Most of these studies have been performed using two recombinant inbred line (RIL) populations, namely Ler/Col and Ler/Cvi populations. We recently described a new RIL population that is derived from the cross between Bay-0 and Shahdara ecotypes (LOUDET et al. 2002 ; the Bay-0 x Shahdara tool is described on the web site http://www.inra.fr/qtlat). This cross between a Central-Asian accession and a European accession should maximize interesting variation reflecting the genetic distance between them (LORIDON et al. 1998 ; BREYNE et al. 1999 ; SHARBEL et al. 2000 ) and ecological contrast between their habitats (KHURMATOV 1982 ). Moreover, this population has high power for QTL mapping, due to the large population size (LOUDET et al. 2002 ).
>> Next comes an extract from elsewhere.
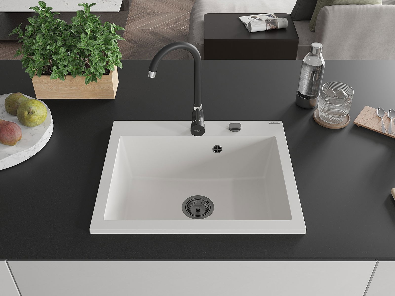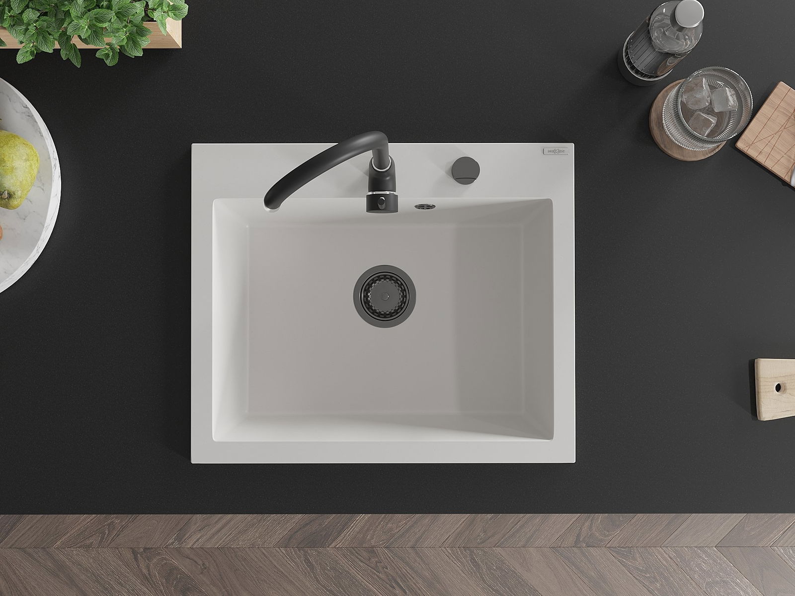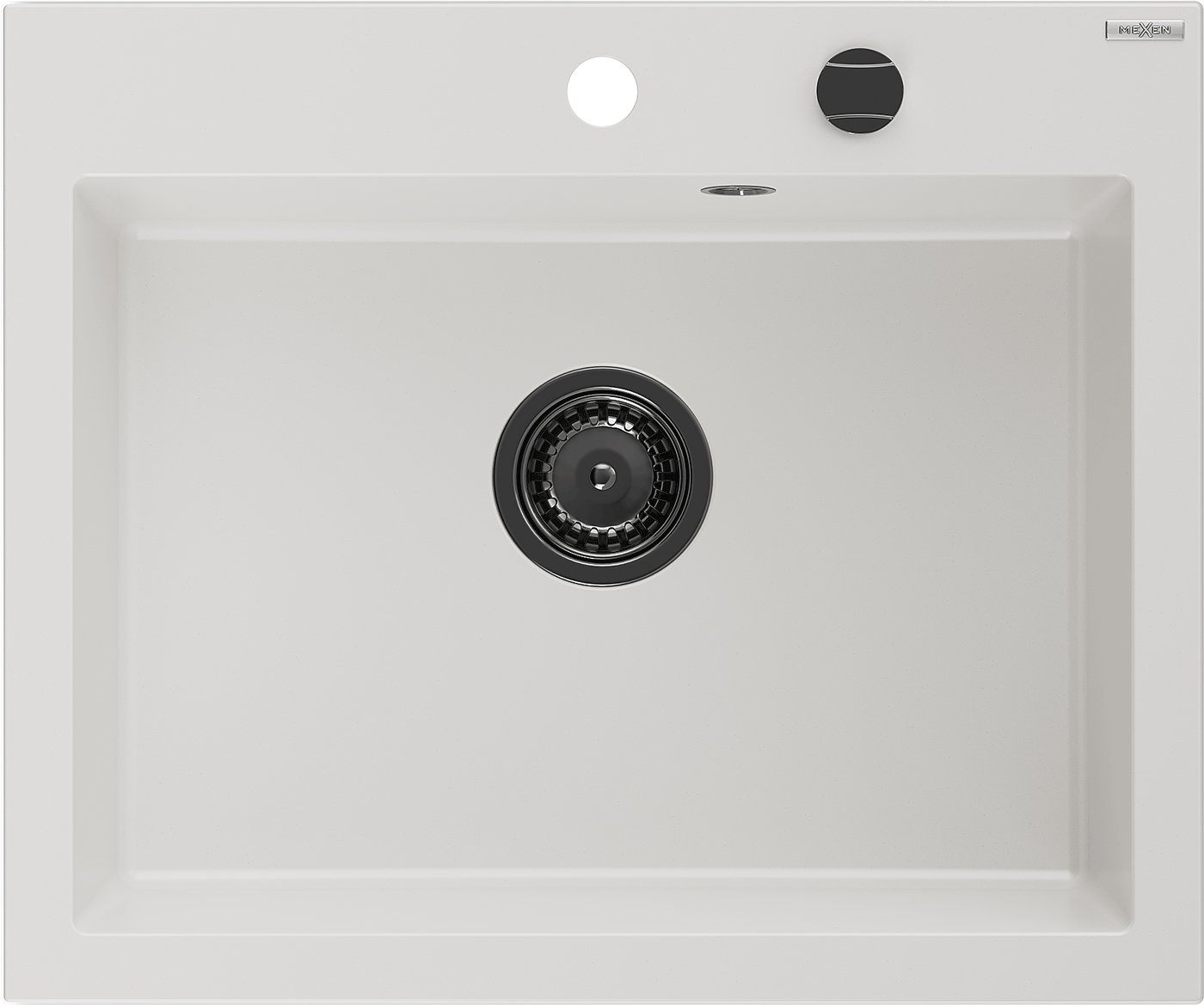 Mexen Elix zlewozmywak granitowy 1-komorowy 600 x 500 mm, biały, syfon czarny - 6525601005-20-B

In this article, we describe the genetic analysis of water and anion content variation in the Bay-0 x Shahdara population in response to nitrate availability. The traits were measured at a vegetative stage in two contrasting N conditions, one leading to the complete depletion of the nitrate pool in plants. We identify and discuss several loci explaining the variation of water, nitrate, chloride, and phosphate contents. This represents, to our knowledge, the first QTL analysis of these traits and their dependence on the N status of the plant.

	MATERIALS AND METHODS

TOP ABSTRACT MATERIALS AND METHODS RESULTS DISCUSSION LITERATURE CITED

Plant material:
The material used in this study has been developed in our laboratory and deposited in public Arabidopsis stock centers; the Bay-0 x Shahdara RIL population has been fully described in a recent publication (LOUDET et al. 2002 ) and on http://www.inra.fr/qtlat. F₇ seeds obtained from the last generation of single seed descent for 415 lines were used. These seeds were harvested from plants grown at the same time for all lines, thus minimizing the maternal environment effect.

Phenotyping display:
The production of homogeneous vegetative plant material for the 415 lines was performed in controlled conditions (growth chamber). Two N environments were compared at the same time and in the same growth chamber in each experiment (cultivation repetition) using the whole set of RIL. The experimental unit was a small pot (L = 60 mm, l = 65 mm, h = 60 mm) containing six plants positioned on a circle. With only one repetition per RIL (one pot, i.e., six plants) and 17 connecting controls (Bay-0 and Shahdara repetitions), the whole population studied in one N environment represented 432 experimental units, organized in 18 blocks of 24 pots. The RIL were completely and independently randomized in each cultivation repetition (performed successively in the same growth chamber). The blocks were rotated every other day, following a scheme that allowed each block to move all around the growth chamber. Two N environments were compared in this study: the first one (N+) did not limit plant growth at any stage during our experiment and the second one (N-) strongly limited growth (for details, see the watering solutions described below). The data from three cultivation repetitions of N+ environment and two repetitions of N- environment have been collected and analyzed in detail.

Growth conditions:
Pots were carefully filled with a homogeneous nonenriched compost composed of blond and brown peats (1/1) sifted at 2–3 mm (Basis substrat II, Stender GmbH, Schermbeck, Germany). The pH of this compost was stabilized between 5.5 and 5.9 and it contained only very small amounts of nitrate (<0.5 mM in the soil solution). Every other day the pots were watered (by immersion of the base of the pots) in a solution containing either 10 mM (N+) or 3 mM (N-) nitrate. Phosphate and sulfate were present in both solutions at the same concentration (0.25 mM), as well as magnesium (0.25 mM) and sodium ions (0.20 mM). The difference between N+ and N- solutions concerned only potassium (5.25 mM and 2.75 mM, respectively, in N+ and N- solutions), calcium (2.50 mM and 0.50 mM, respectively), and chloride ions (0.20 mM and 0.70 mM, respectively), but all these concentrations were supraoptimal for plant growth. N+ and N- solutions contained desirable amounts of Fe and other micronutrients. The pH of the watering solutions remained between 5.1 and 5.5.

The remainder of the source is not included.